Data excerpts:
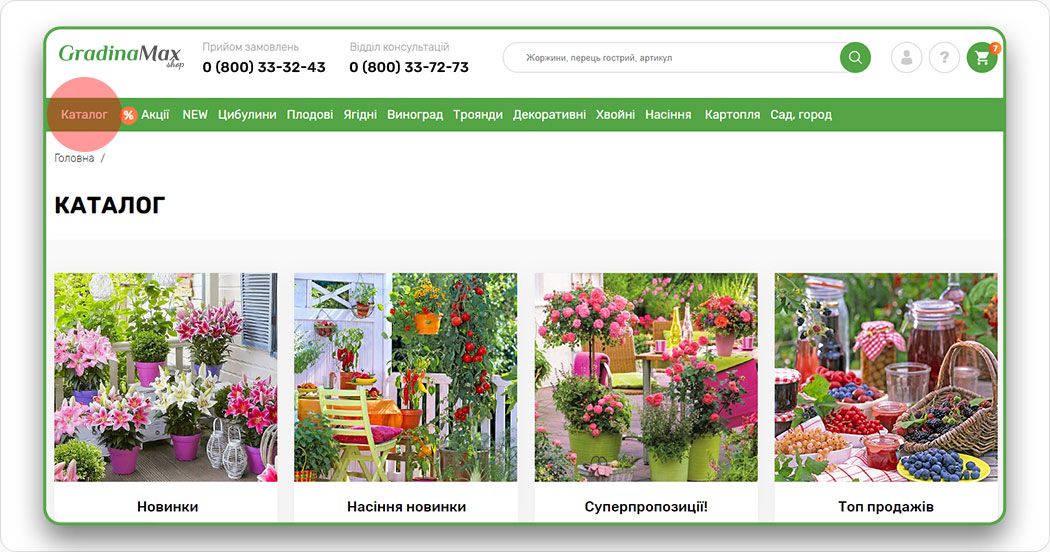 Также можно нажать на вкладку «Каталог продукции» и перейти на нужную вам группу растений.
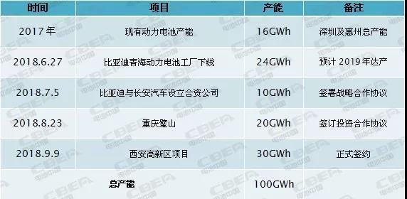 據(jù)電池中國網(wǎng)了解,截止到2017年年底,比亞迪動力電池的總產(chǎn)能是16GWh,其中6GWh是三元電池,10GWh是磷酸鐵鋰電池;2018年6月27日,比亞迪規(guī)劃產(chǎn)能24GWh的青海動力電池工廠正式下線,預計2019年全部投產(chǎn);7月5日,比亞迪與長安汽車簽署戰(zhàn)略合作協(xié)議,成立動力電池合資公司,規(guī)劃產(chǎn)能10GWh;8月23日,比亞迪與重慶璧山區(qū)政府就動力電池年產(chǎn)20GWh產(chǎn)業(yè)項目簽訂投資合作協(xié)議;9月9日,比亞迪30GWh動力電池項目簽約儀式在西安高新區(qū)舉行。至此,比亞迪動力電池規(guī)劃總產(chǎn)能已達100GWh。動力電池應用分會統(tǒng)計數(shù)據(jù)顯示,2017年全國動力電池出貨量才不過44.66GWh,而僅僅比亞迪一家其簽約產(chǎn)能就超過了這一數(shù)字的兩倍,更何況還有動力電池出貨量在比亞迪之上的寧德時代!
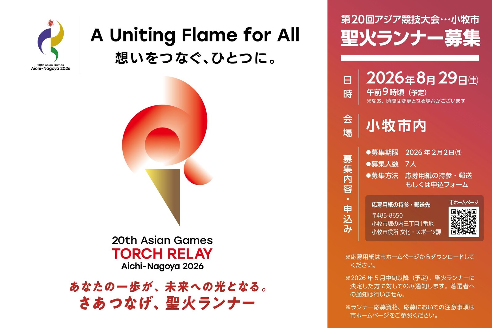 2026年9月から10月にかけて開催される第20回アジア競技大会(2026/愛知・名古屋)において小牧市ではバレーボール競技が開催される予定ですが、大会の開幕に先立ち開催されるアジア競技大会聖火リレーにおいて小牧市で走行する聖火ランナーの公募を実施します。
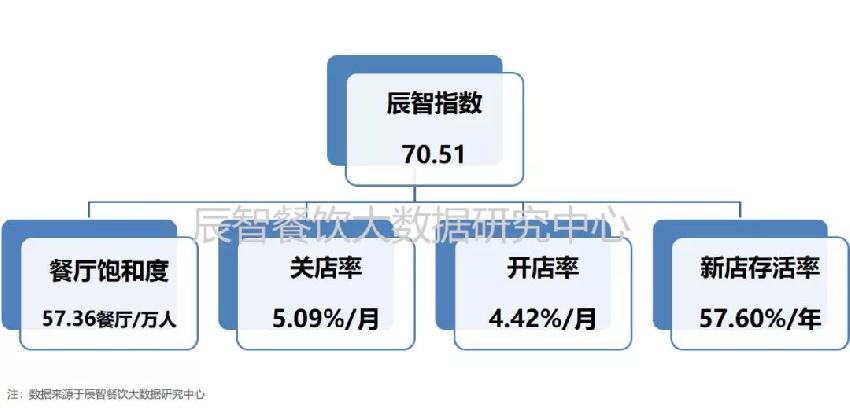 2017年中国餐饮整体辰智指数为70.51 ,餐厅饱和度57.36餐厅/万人 ,关店率5.09%/月, 开店率 4.42%/月, 新店存活率只有57.60%/年。
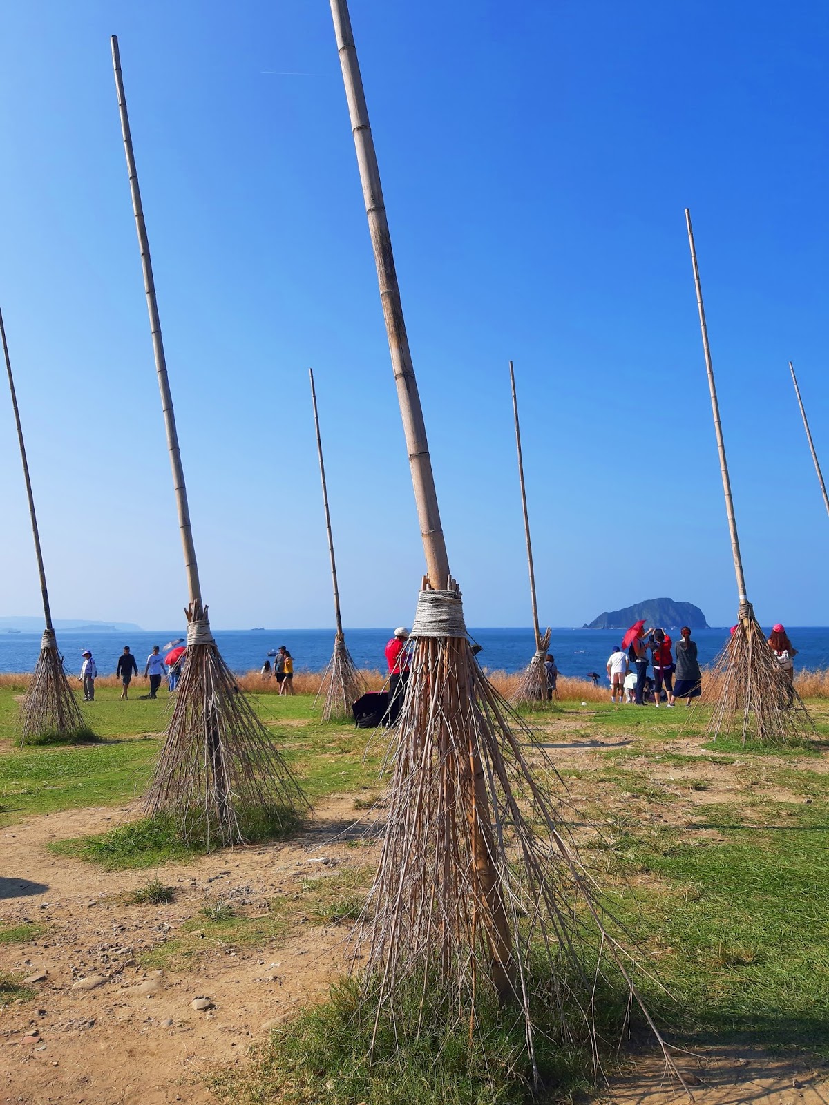 飛天掃帚距離鸚鵡螺溜滑梯不遠處,登高望遠後,飛天掃帚就不那麼壯觀了,但看到一堆掃帚在草地中卻變得有趣。
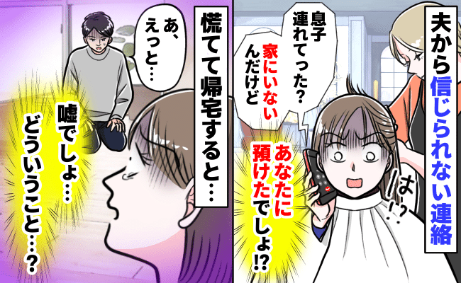 3. 2歳の息子を夫に預けて美容院へ「息子連れてった?いないんだけど」は?なんで!?慌てて帰宅すると
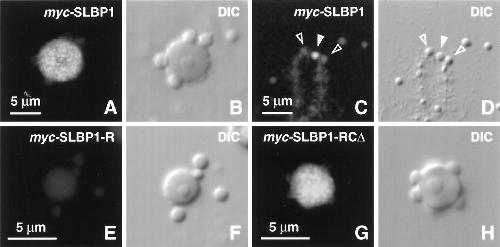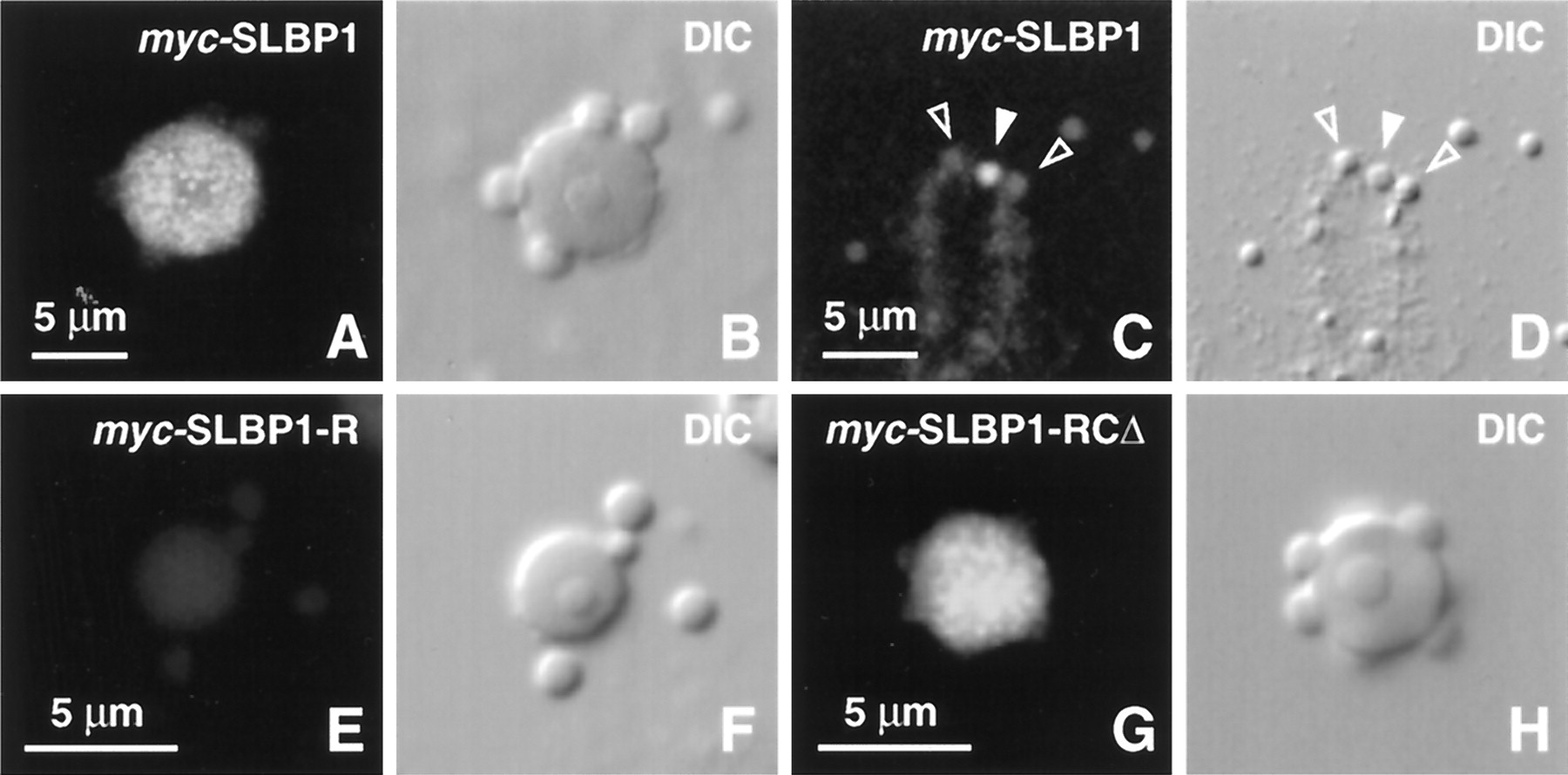 Fig. 6. Localization of myc plus NLS–tagged SLBP1 in GV spreads. Each pair of panels shows a DIC image and the corresponding immunofluorescent image after staining with mAb 9E10 against the c-myc tag. (A and B) A single coiled body from an oocyte injected 8 h previously with transcripts of full-length myc-SLBP1. The tagged protein accumulates in the matrix of the coiled body in a distinctly granular pattern. (C and D) End of a chromosome 8 h after a similar injection. The solid arrowhead points to a stained terminal granule; the open arrowheads point to two adjacent unstained B-snurposomes. (E and F) A single coiled body and three B-snurposomes 8 h after injection of transcripts of myc-SLBP1-R, which consists of the RNA-binding domain alone. Staining is at background level. (G and H) A single coiled body 8 h after injection of transcripts ofmyc-SLBP1-RCΔ. This protein accumulates in the matrix of the coiled body despite lacking a functional RNA-binding domain.

What you need to do:
Leaving every picture aside, reproduce exactly the lines above from the one with "2026年9月から10月にか" up to and including the one with "3. 2歳の息子を夫に預けて", and no others.

Answer space:
 2026年9月から10月にかけて開催される第20回アジア競技大会(2026/愛知・名古屋)において小牧市ではバレーボール競技が開催される予定ですが、大会の開幕に先立ち開催されるアジア競技大会聖火リレーにおいて小牧市で走行する聖火ランナーの公募を実施します。
 2017年中国餐饮整体辰智指数为70.51 ,餐厅饱和度57.36餐厅/万人 ,关店率5.09%/月, 开店率 4.42%/月, 新店存活率只有57.60%/年。
 飛天掃帚距離鸚鵡螺溜滑梯不遠處,登高望遠後,飛天掃帚就不那麼壯觀了,但看到一堆掃帚在草地中卻變得有趣。
 3. 2歳の息子を夫に預けて美容院へ「息子連れてった?いないんだけど」は?なんで!?慌てて帰宅すると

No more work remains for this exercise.